Directions ▸
Between the line containing "The unique supply" and the line containing "屋久杉×1月誕生石ブレスレット【16cm (S)】" lies a run of lines; give that run again exactly, with both of those lines, and nothing else from the entries below.

Records to use ▸
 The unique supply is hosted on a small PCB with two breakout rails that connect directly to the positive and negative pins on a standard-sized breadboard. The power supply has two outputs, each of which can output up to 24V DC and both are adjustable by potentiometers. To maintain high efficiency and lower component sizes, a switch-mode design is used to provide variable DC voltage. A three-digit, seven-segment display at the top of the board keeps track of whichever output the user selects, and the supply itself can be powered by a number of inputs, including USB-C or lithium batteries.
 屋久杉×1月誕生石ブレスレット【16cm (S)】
--
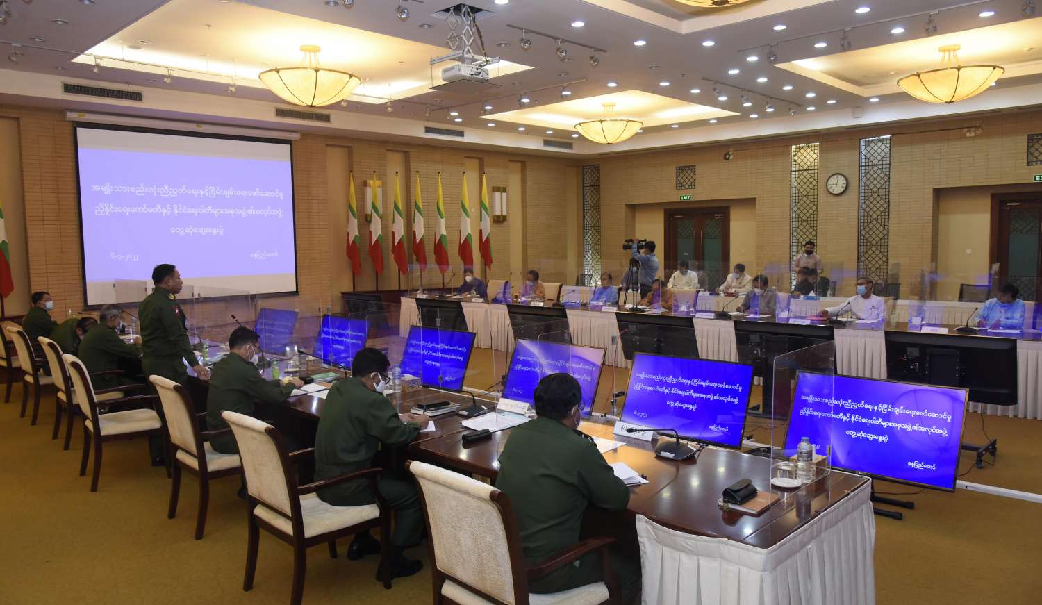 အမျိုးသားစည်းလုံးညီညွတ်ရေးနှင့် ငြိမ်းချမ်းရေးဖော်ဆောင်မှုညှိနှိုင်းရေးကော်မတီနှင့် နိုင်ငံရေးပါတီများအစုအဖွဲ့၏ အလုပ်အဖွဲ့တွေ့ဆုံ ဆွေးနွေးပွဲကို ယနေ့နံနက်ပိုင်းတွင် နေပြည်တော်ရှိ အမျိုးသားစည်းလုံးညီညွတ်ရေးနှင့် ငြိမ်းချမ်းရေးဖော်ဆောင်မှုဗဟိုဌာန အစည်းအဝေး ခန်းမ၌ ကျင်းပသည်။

Task answer ▸
 The unique supply is hosted on a small PCB with two breakout rails that connect directly to the positive and negative pins on a standard-sized breadboard. The power supply has two outputs, each of which can output up to 24V DC and both are adjustable by potentiometers. To maintain high efficiency and lower component sizes, a switch-mode design is used to provide variable DC voltage. A three-digit, seven-segment display at the top of the board keeps track of whichever output the user selects, and the supply itself can be powered by a number of inputs, including USB-C or lithium batteries.
 屋久杉×1月誕生石ブレスレット【16cm (S)】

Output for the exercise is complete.